1. A filter module (1) for cleaning a fluid, comprising a housing (2) having an inlet opening (3) and an outlet opening (4), wherein the housing (2) forms an accommodating space (5) in which at least one filter element (6) is accommodated, wherein the filter element (6) has a filter medium (7) which is configured in a block-like manner, wherein the filter medium (7) is pleated and pushed together to form a block (8).

2. The filter module (1) according to claim 1, wherein the block (8) is arranged in a manner free from a frame element which fixes the filter module.
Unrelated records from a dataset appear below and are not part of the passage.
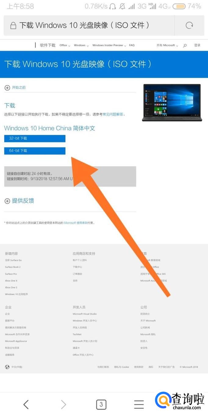 最后选择下载的Win10系统位数,这个根据电脑决定,如果电脑是32位就点击下载32-bit,如果电脑是64位,就点击下载64-bit。
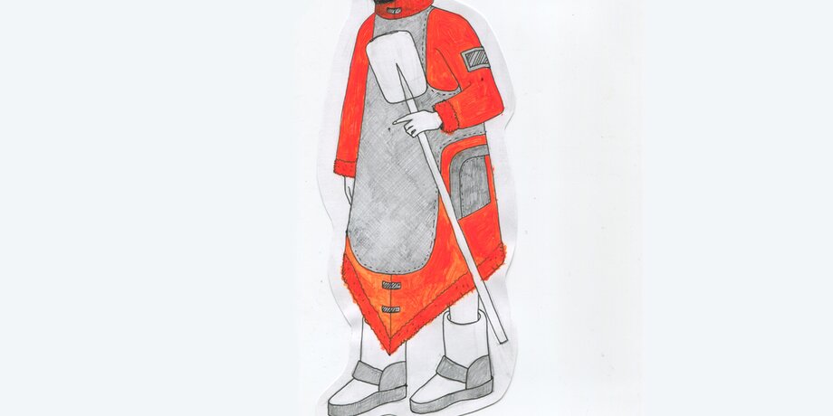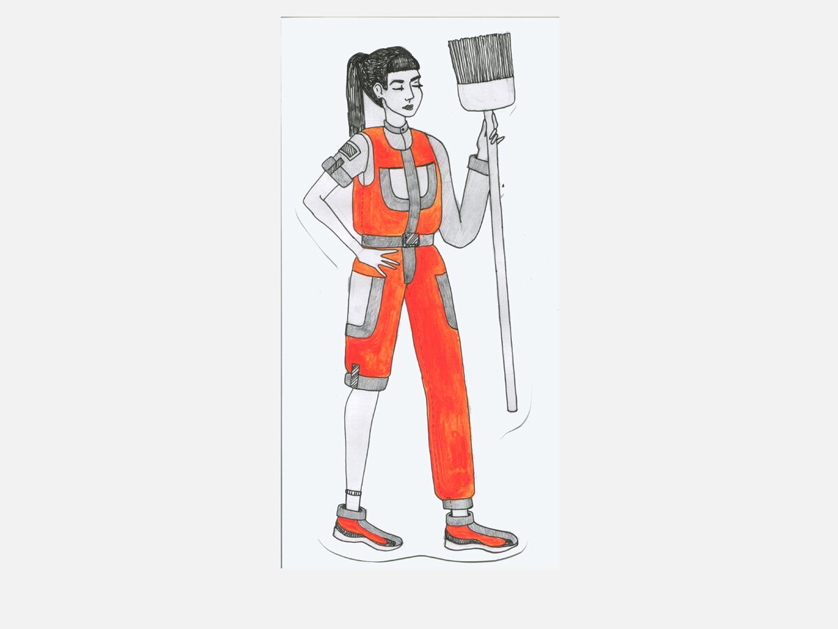 Созданный мной костюм – это интерпретация всем знакомой униформы. Она основана на анализе одежды, которую носят дворники в разных странах. Вот несколько иллюстраций, отражающих представление о дворнике в искусстве. Цвет выбрать было нетрудно, так как зачастую дворники работают в кислотно-оранжевых жилетах. Я решила оставить этот вариант, но добавить детали, которые сделают униформу комфортнее.
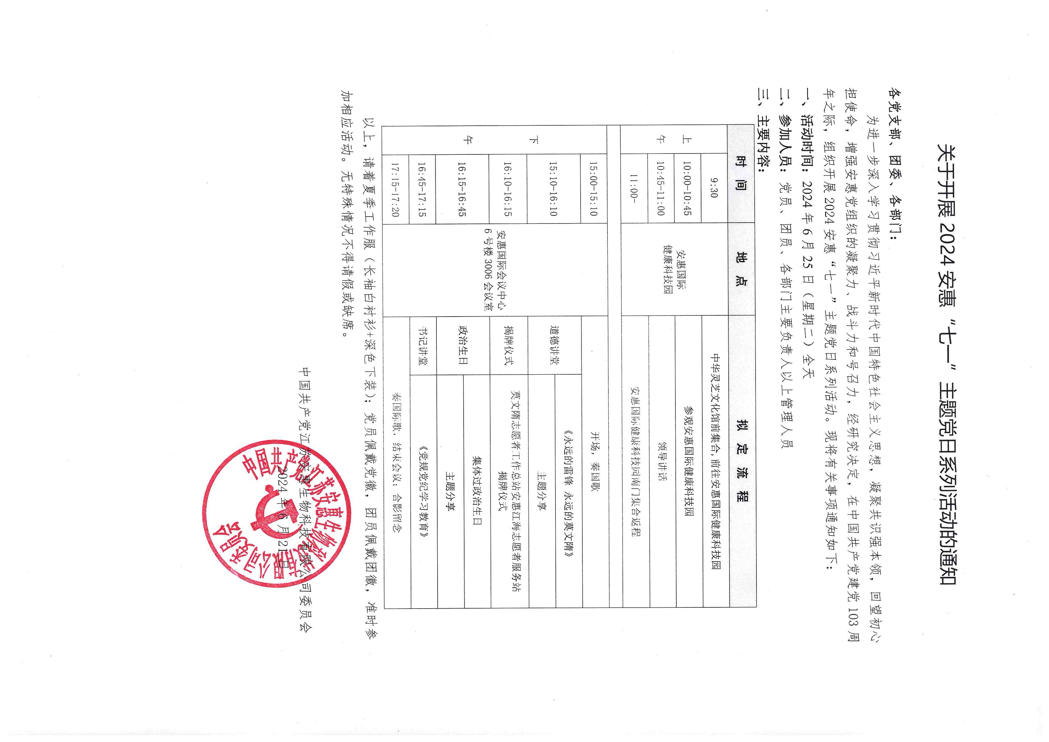 關于開展2024安惠“七一”主題黨日系列活動的通知
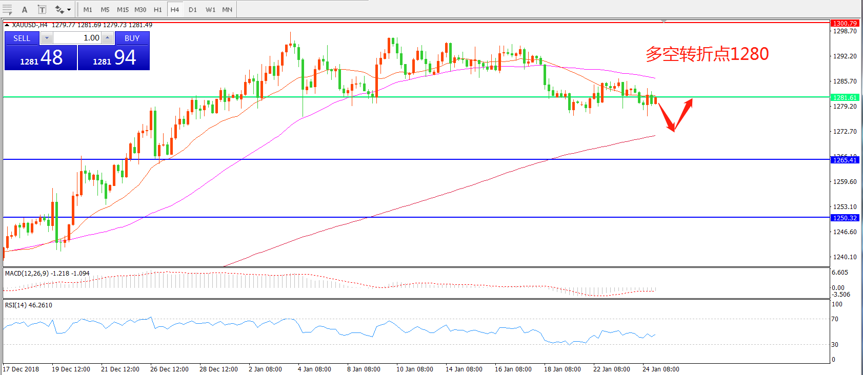 交易策略: 1280.00之下看跌,目标1265.00   1250.00
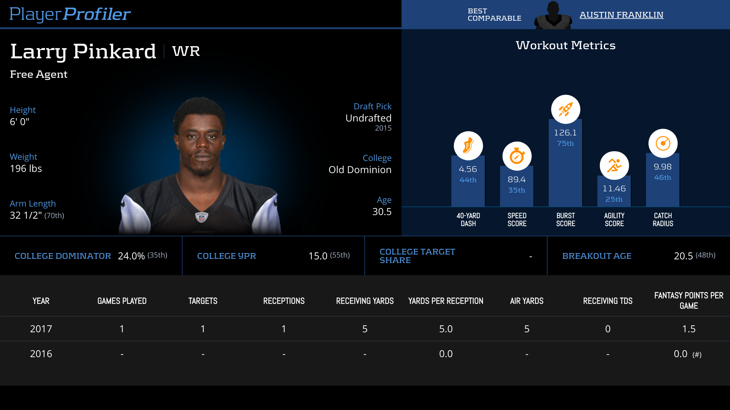 Box score statistics such as targets, yards, touchdowns, and fantasy points per target are updated the next day. Advanced stats and metrics are updated later in the week during the NFL season.
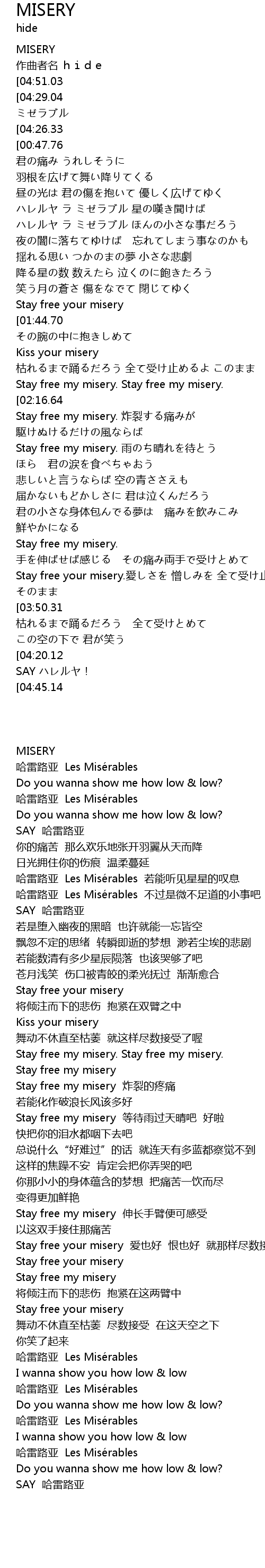 | [04:34.75][04:29.04][04:22.87][04:17.92][00:41.66][00:36.33] | ハレルヤ ラ ミゼラブル |
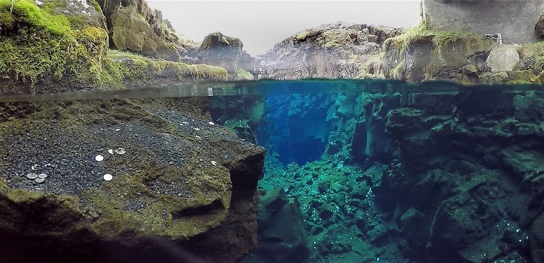 Zu sehen ist die Kontinentalspalte , halb unter/über Wasser.
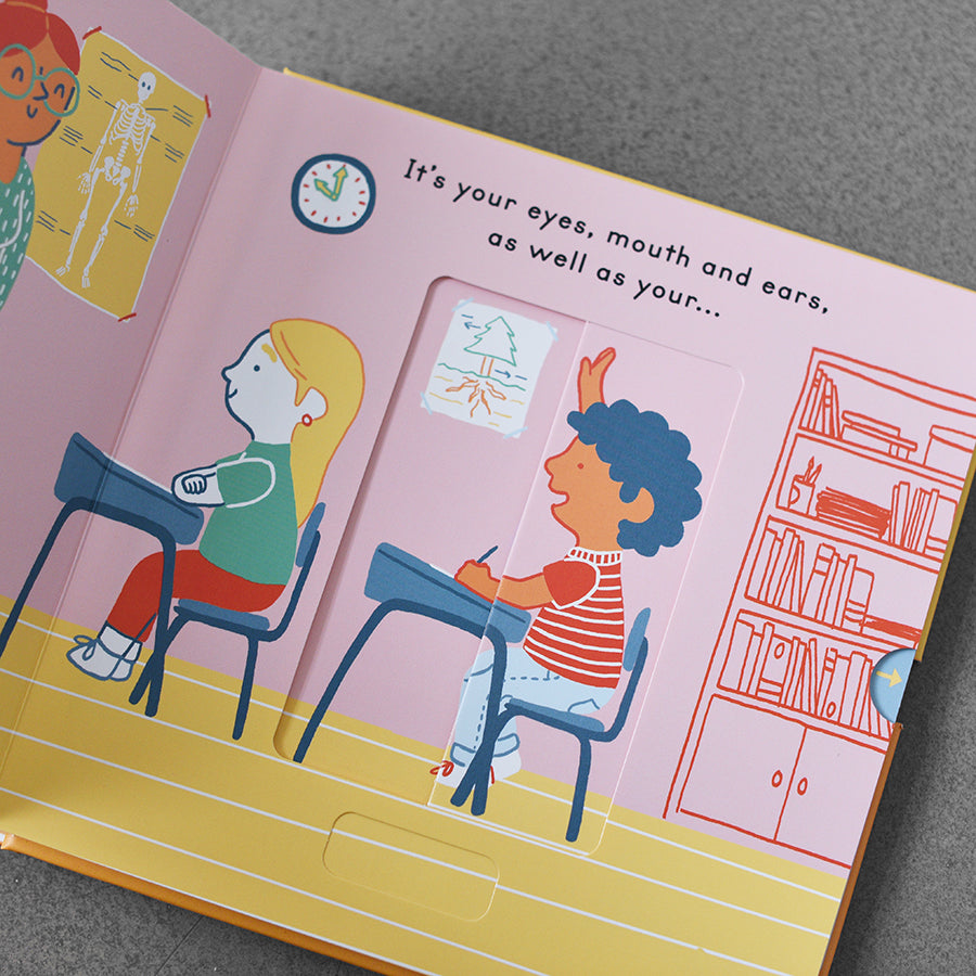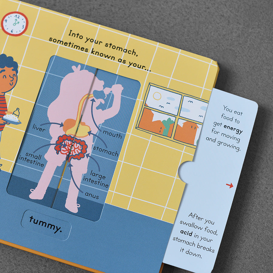 Pociągnij za zakładkę, aby odsłonić wszystko, co kryje się w Twoich wnętrznościach. Od nosa po palce u stóp – jest mnóstwo do odkrycia dzięki magicznie rozpuszczającym się okienkom w tej jasnej książeczce z tektury.
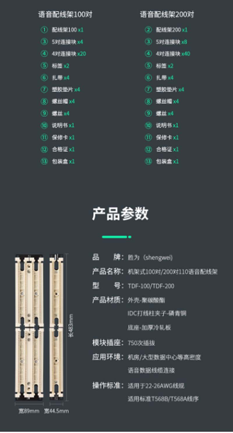 商品名称:☆胜为 SHENGWEI TDF-100 工程级110语音配线架100对 1U机架式高端镀金电话配线架 110配线架跳线架
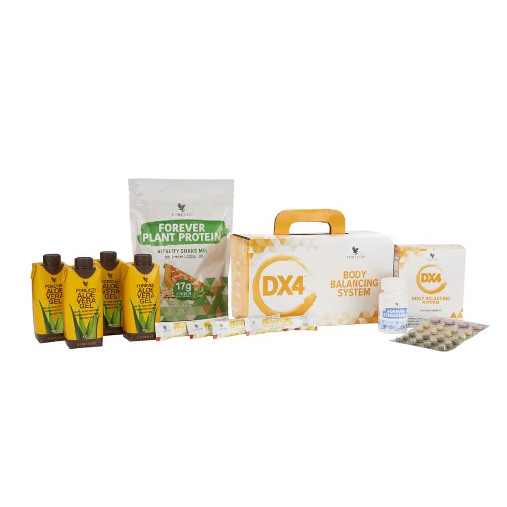 DX4 conține șase produse inovatoare, printre care se numără: Forever Therm Plus, Forever DuoPure, Forever Multi Fizz, Forever LemonBlast, Forever Sensatiable și Forever Plant Protein, dar și cele patru cutii de Aloe Vera Gel, pentru a completa nevoile corpului dumneavoastră.
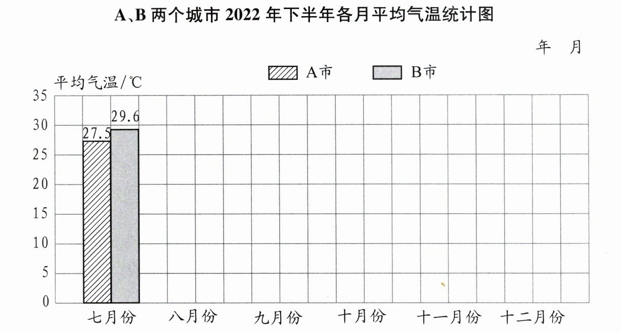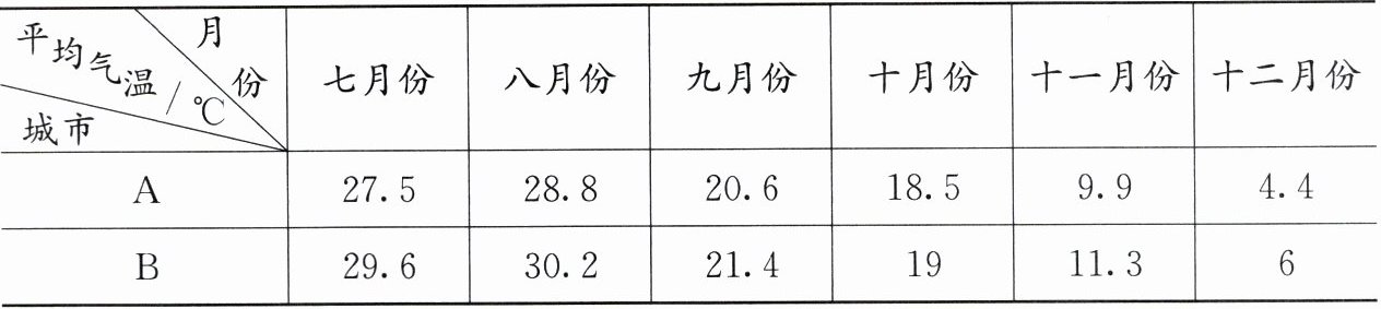 3. A、B两个城市2022年下半年各月平均气温如下表。
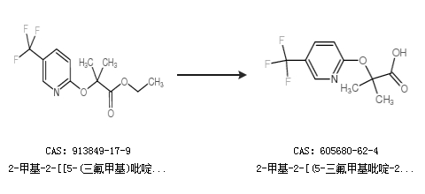 英文别名 2-methyl-2-(5-trifluoromethyl-2-pyridyloxy)propionic acid;2-methyl-2-((5-(trifluoromethyl)pyridin-2-yl)oxy)propanoic acid;2-(5-trifluoromethyl-2-pyridyloxy)-2-methylpropionic acid;
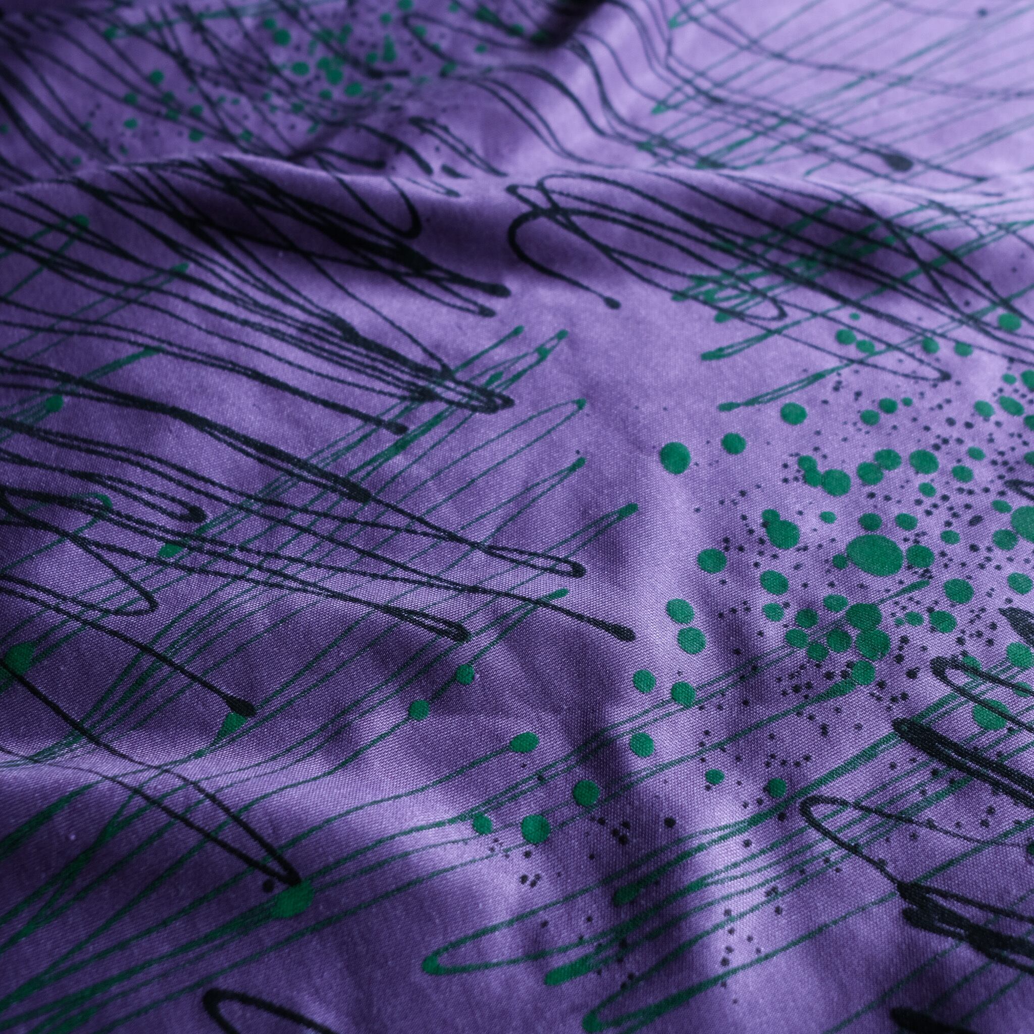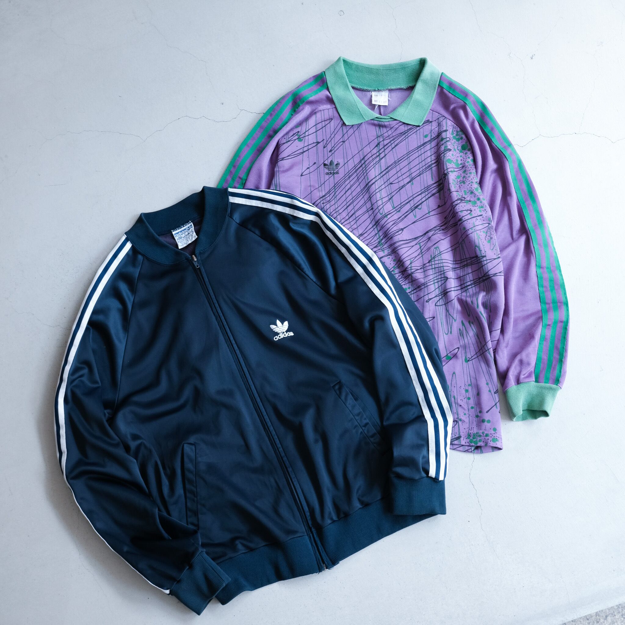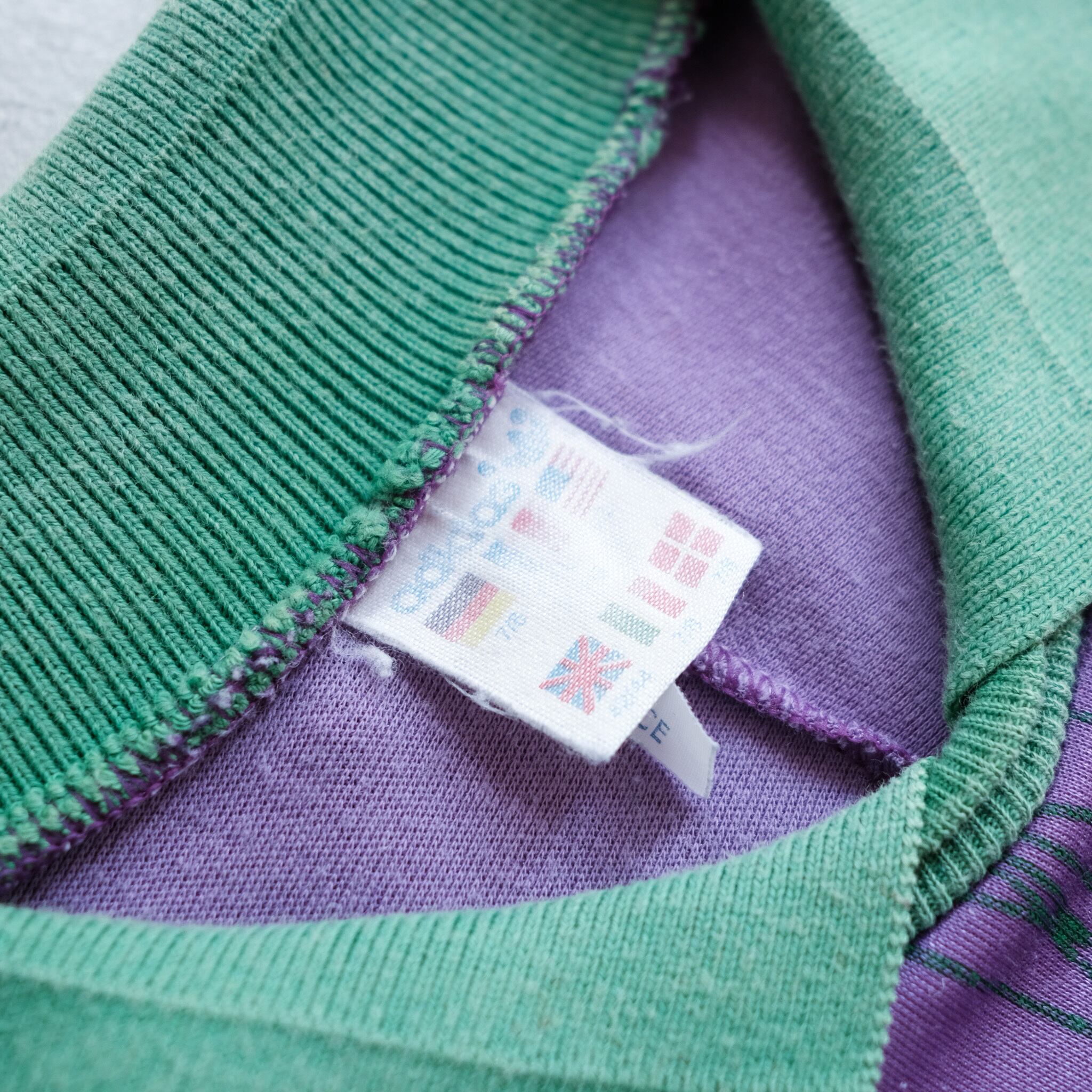 1980年代後半のフランス製adidasから配色の良いゲームシャツ。ハンドドローイングで描かれたようや曲線と、ブラッシングで飛沫が飛んだようなプリントがアートな雰囲気も感じられるグッドプリント。肘部分にキルティングのステッチがあることからキーパー用のユニフォームと推測。パープル、グリーンの組み合わせもファッションに落とし込みやすい好配色。程良くゆとりのあるシルエット。

3. The filter module (1) according to claim 1, wherein the filter element (6) has a length (L) in the range of 10 to 100 mm.

4. Filter module (1) according to claim 1, wherein the filter medium (7) has a first layer, which is in the form of a carrier layer, and a second layer, which cleans a fluid in an adsorptive manner.

5. The filter module (1) according to claim 4, wherein the filter medium (7) includes a first layer made of nonwoven material, to which a second layer made of adsorbent material is applied.

6. The filter module (1) according to claim 1, wherein the filter medium (7) is configured as a material sintered to form a block (8).

7. The filter module (1) according to claim 1, wherein at least one planar filter layer (9, 10, 11, 12) adjoin(s) the filter medium (7) on the inlet side and/or outlet side.

8. The filter module (1) according to claim 7, wherein at least one filter layer (11) is connected to the housing (2) in a form-fitting manner.

9. The filter module (1) according to claim 7, wherein the top filter layer (11) facing the inlet (3) is configured as a coarse filter.

10. The filter module (1) according to claim 9, wherein a fine filter follows the coarse filter.

11. The filter module (1) according to claim 7, wherein the bottom filter layer (12) facing the outlet (4) is configured as a protective layer.

12. The filter module (1) according to claim 1, wherein the housing (2) is provided on the inlet side with a covering frame (13) which captively fixes the filter element (6) inside the housing (2).

13. The filter module (1) according to claim 12, wherein the covering frame (13) is connected to the housing (2) in a form-fitting or materially integral manner.

14. The filter module (1) according to claim 1, wherein the covering frame (13) has fluid inlet openings (21, 22).

15. The filter module (1) according to claim 1, wherein the housing (2) has ribs (16, 17), wherein one end of the ribs (16, 17) leads into the housing (2) and the other end of the ribs (16, 17) is exposed.